DV's words of caution were timely. Listening to 800 of your favourite songs in MP3 format is a treat -- so long as you're using those tiny little eardrum blasters that come with the iPod. If you graduate to a pair of Sennheisers, things are still okay. But try bumping this up to speaker-quality, and you will quickly find yourself disappointed.
I haven't yet tried playing the iPod through our home stereo, and I don't think I'll bother (I'm certainly not dropping another $100 on Apple's docking bay). I have, however, hooked the iPod up to a pair of computer speakers. The quality is not-bad, but it is definitely a distant, tinny echo of what the artists were hoping you'd hear. I am not by nature a stereophile, but listening to MP3s is the aural equivalent of grabbing orange rind in hopes of squeezing out a glass of orange juice. The soundfile is so tightly compressed that any manual attempt you make to broaden it (i.e., fiddling with the "bass" and "treble" knobs, or messing with your multi-channel equalizer) will only highlight the extremes and eliminate the middle. No thanks.

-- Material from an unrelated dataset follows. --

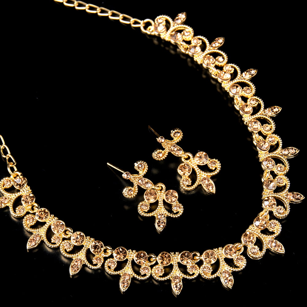 シンプルラインストーンのネックレス&ピアスセット パーティーや結婚式などへ アクセサリーセット 通販店
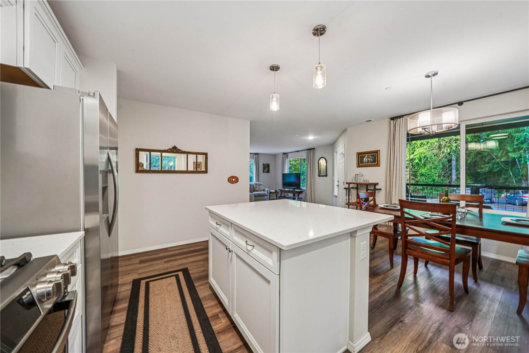 Charming and secluded, private north-end home on acreage—nearly new and thoughtfully designed! Completed in late 2024, this 3-bedroom, 2-bath home offers comfortable, efficient living with a smart, easy-flow layout. A heat pump provides year-round comfort and energy efficiency. Set on approximately 2.5 acres, the property offers a peaceful setting with a private well and is located on a dead-end road minimizing traffic and enhancing privacy. Inside, abundant windows fill the home with natural light and views of the surrounding greenery. The open-concept living area connects the kitchen, dining, and living spaces, creating a welcoming environment for everyday living and gatherings. The kitchen features modern finishes, generous counter space, and ample cabinetry. The primary bedroom includes an attached bath and closet, while two additional bedrooms offer flexible space for guests, office use, or hobbies. A full fire suppression system provides added peace of mind. Outside, the acreage allows room to enjoy the outdoors, explore, or consider future improvements (subject to buyer verification). Partial RV hookups add convenience for recreational or visiting vehicles. Ideally located just minutes to downtown Kingston and the Kingston ferry, with easy access to Heritage Park offering trails, open green spaces, and shoreline access. A great balance of space, comfort, and accessibility—A home that's absolutely worth a closer look!

If you want the convenience of 1000-plus songs shuffled at random, or carved into playlists, you're better off hooking your PC up to your home stereo and playing OGG files ripped from your CD collection. As for car stereos, I'm guessing we're still a few years away from a satisfactory digital revolution.
Still, when it comes to digital music, iPod is indisputably its present, and quite likely its future as well. Here is PC World's Five Lessons For the iPod's Fifth Anniversary. The video link at the bottom -- Apple Introduces the iPod -- is nine minutes long, and quite instructive. Steve Jobs pretty much had the iPod's across-the-board appeal nailed down (even though his praise for the speed of Apple's file-transfer, and the iPod's "impressive" battery-life is a shade wide of the mark).